Unchanging attitudes can also teach us a thing or two about persuasion. Take attitudes towards gender, for instance.
In past 20 years, given so many changes have happened, it seems reasonable to expect a great deal of change in views about women.
And yet, agreement that ‘a woman’s place is in the home’ has stayed constant over the past 2 decades.
This may look bleak, but its not the full story. Whilst agreement has remained constant, disagreement has increased by 10%.
Its not the cavemen who have been converted, but the fence-sitters.
A similar phenomenon occurred with the view ‘real men don’t cry’: agreement remained constant, but neutrality declined.
So, Parijat, what has changed in the last 20 years?
Well, I thought you’d never ask! A few perspectives have shifted.
1. Attitude on money: Our financial views have been greatly shaped by the 2008 Financial Crisis
2. Tightening of financial circumstances change our priorities
3. Shift from physical to digital has impacted our relationship with cash and newspapers
But wait, which topic has seen the largest shift since 2000? Over the course of two decades of continuous seismic shifts, on what topic has public opinion changed the most?
Alas, if only.
So, what now?
In the main, consumer attitudes have changed very little over the past 20 years. But marketers use the threat and/or opportunity of sudden change as a sales device. This has led to a widespread cherry-picking of only the most sensationalist pieces of data, chasing the fads rather than the fundamentals.
Which might go some way to explaining why TV ads are now twice as annoying as they were in 2000.
So, how do we fix this?
We need to stop idolizing change, and instead see the value in unchanging data.
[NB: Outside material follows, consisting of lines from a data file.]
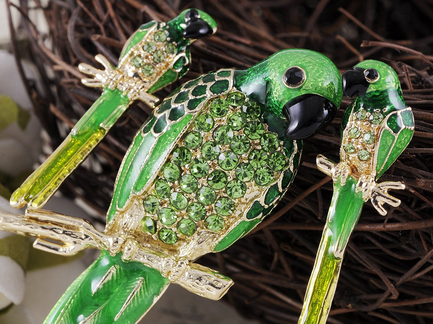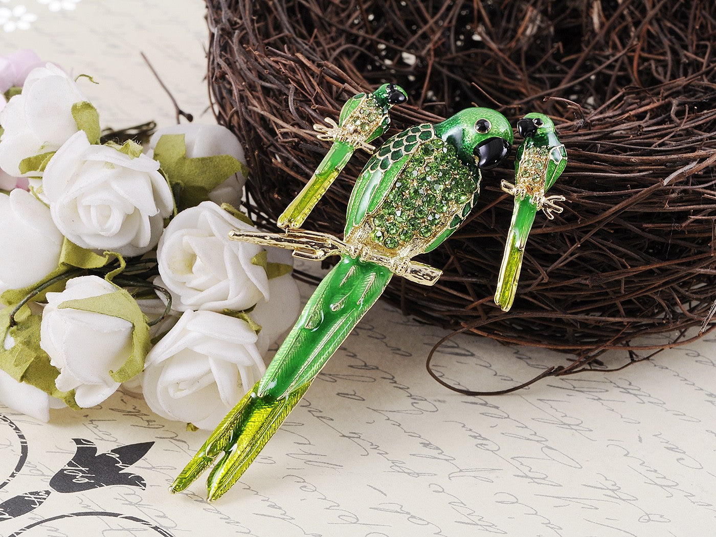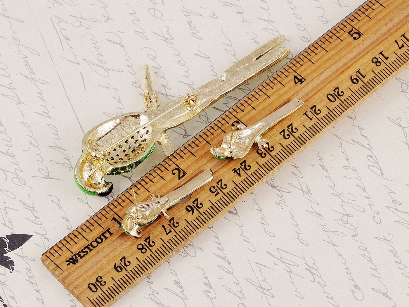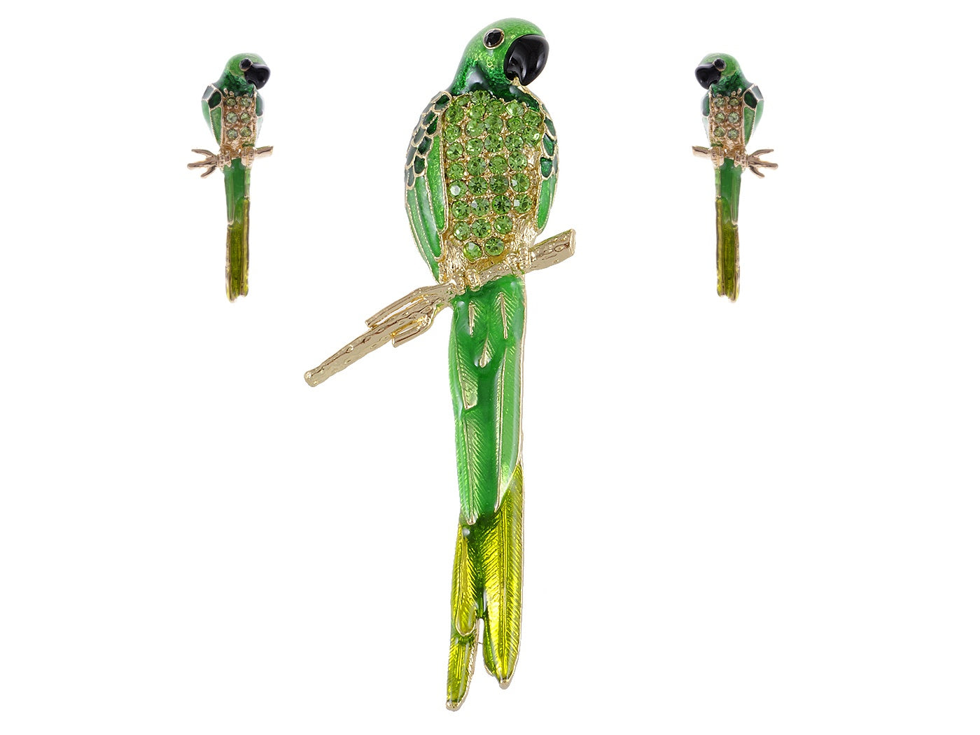 - UNIQUE DESIGN: Stud earrings and brooch set featuring parrot design with peridot colored rhinestones and painted glossy enamel.
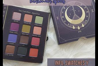 El leitmotiv de esta paleta, más que original me parece, sinceramente raro. Se supone que es un "libro de hechizos" (de ahí su diseño en tonos oscuros, con símbolos algo ocultistas e incluso un lazo para cerrarla a modo de libro antiguo) pero luego su nombre hace alusión a un "barman", de modo que literalmente es un "Libro de hechizos de un barman" y por eso los nombres de las sombras hacen alusión a combinados.Raro, pero mira, a mi lo que me gustaron fueron los tonos.
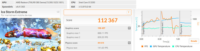 Повторный прогон теста 3DMark Firestrike Extreme 1.1, при таком разгоне, показал увеличение результата до 3840 тестовых пунктов, т.е. приблизительно на 6,5%.

Stop proposing Metaverse as a shiny toy which will “usher in next era of growth”.
We need to stop viewing consumer behavior only in a short term window, and instead take a longer view, separating the fad from the fundamental.
And finally, we need to start showing our own senior leaderships, our CXOs, a different kind of chart. One that doesn’t go up or down.
It’s simple, really. We just need to change.